If the U.S. wants to make real progress in Iraq, as everyone knows, it will not be entirely on the military side. It must come, yes, through political reconciliation. But if that reconciliation is solely a means to redistribute ill-gotten gain, then the insurgencies will be stronger and the government will fall, no matter what the military strategy is.
But even drug czar John Walters acknowledges, however, it will only really be progress if the measures can be sustained over time. My guess is that such a reduction will be short lived. I hope I am wrong.
While the "war on drugs" was proclaimed in the late 1980s with almost as much fanfare as the "war on terrorism," it is now only occassionally in the national radar screen. But it is worth remembering the drug wars that ravaged our major cities, threatened the very existence of Colombia as a nation and has cost us tens of billions of dollars.
Those direct and more quantifiable threats have eased, although drug production has not, at least not for significant periods of time. Nor has the narco danger abated in many parts of the world.
While there is little indication that drug trafficking finances Islamist terrorism except perhaps in Afghanistan, the billions of dollars that flow through that economy certainly fuel other terrorist movements around the world, from the paramilitary AUC to the Marxist FARC in Colombia, to gangs in Central America and heroin traffickers across central Asia.
The human cost is tremendous, and the cartels, despite the upbeat talk, control much of Central America, from the coasts of Honduras, to most of Guatemala to the Caribbean shore of Mexico and, of course, much of the border areas.
I have covered drug trafficking up close for 20 years, and recall similar assessments that a significant corner was being turned in combatting the supply side. But like water running down hill, the coke, or money or precursor chemicals may be blocked for a while, but eventually find a way to flow again.

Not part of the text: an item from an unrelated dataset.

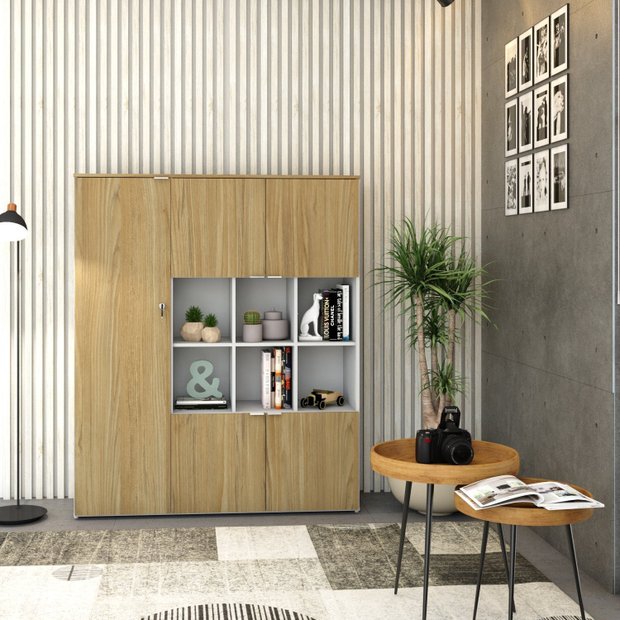 Armário Alto com Nichos WLAN135 WorkLab é uma peça de mobiliário que alia capacidade de armazenamento com um design elegante e moderno, ideal para escritórios que valorizam tanto a funcionalidade quanto a estética. Com nichos centrais abertos e cinco portas, este armário oferece uma solução de armazenamento diversificada, perfeita para exibir itens decorativos ou manter materiais de consulta rápida à mão. Suas portas possuem dobradiças com amortecedor que garantem um fechamento suave e silencioso, além dos puxadores em alumínio, elegantes e funcionais. O Armário WLAN135 WorkLab é mais que um simples móvel de armazenamento, é uma declaração de estilo que traz organização e sofisticação ao ambiente de trabalho.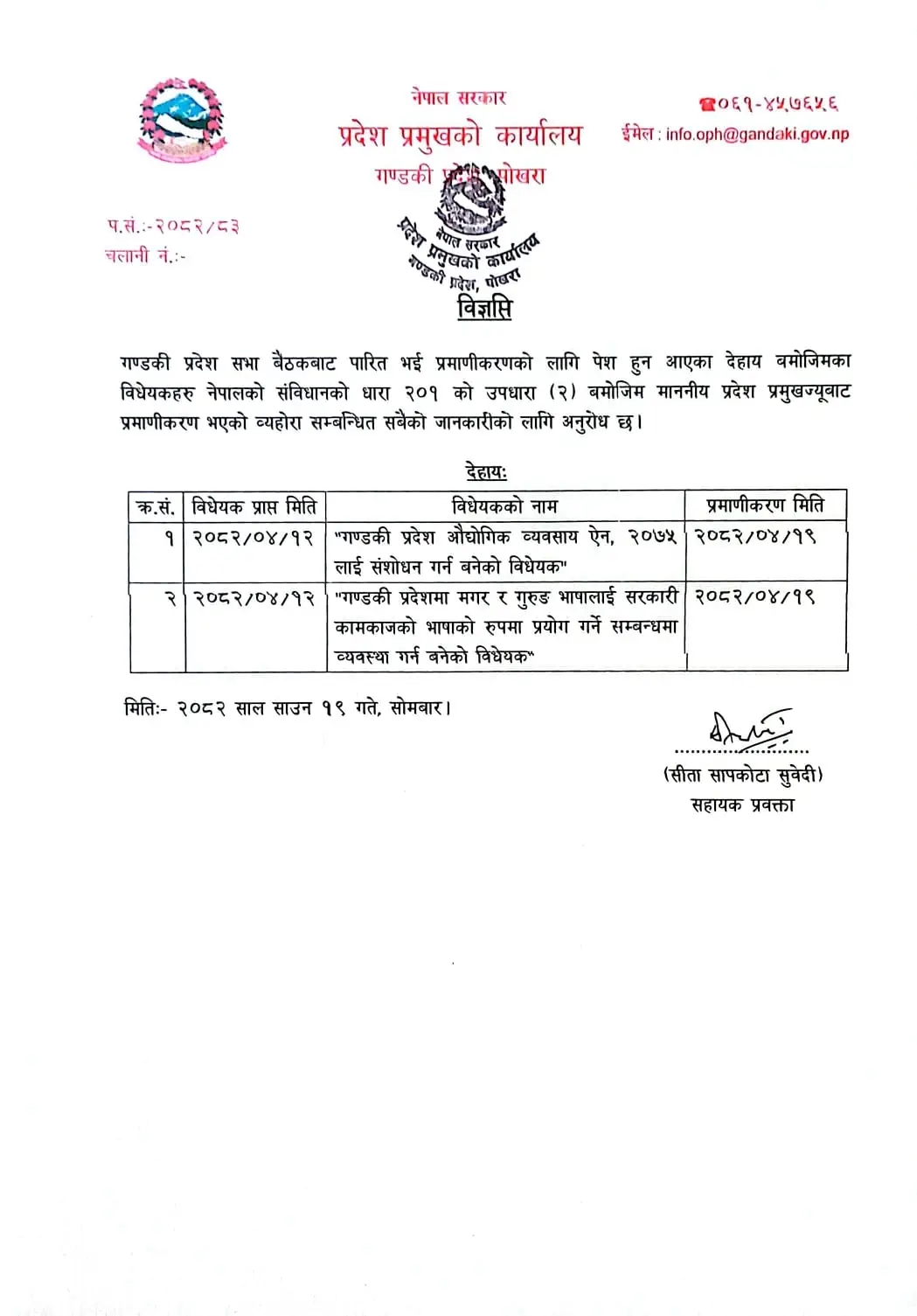 गण्डकी प्रदेशका प्रमुख डिल्लीराज भट्टले प्रदेश सभाबाट पारित भई आएका दुई वटा विधेयकलाई संविधानको धारा २०१ को उपधारा (२) बमोजिम आज (सोमबार) प्रमाणीकरण गरेका छन् ।

Interdicting the money flows into Mexico and elsewhere delivers the biggest bang for the buck, because the cartels are in it for the money. Take that away and they are really hurt.
The seizure of $200 million in cash in Mexico in March shows the magnitude of the drug problem on several levels.
The first is the vast amounts of money. The $200 million hurts, but it is really a drop in the bucket in the overall drug economy. The second is more worrisome. The meth production and distribution ring involved people from Canada to China in a vast transnational network moving illicit goods.
Those pipelines can be used to move virtually anything, from humans to nuclear components. And here is simply too much money at stake and too many entrenched interests across the board for the flow to stop.
It is encouraging that the new Mexican government seems to be able to take steps that previous governments wouldn't but then, most Mexican governments start off with a bang, only to lose enthusiasm as the cost grows.
U.S. officials are carrying out a record number of corruption investigations on this side of the border too, showing that we have much to do to put our own house in order.
It is interesting to note that Richard Nixon carried out one of the few programs that focused as heavily on demand as it did on supply. It is also interesting to note that during the few years of this experiment, drug use dropped consistently.
Perhaps there is a lesson there. But, after 20 years, it will take more than a momentary rise in the street price of coke to make me think real progress has been made.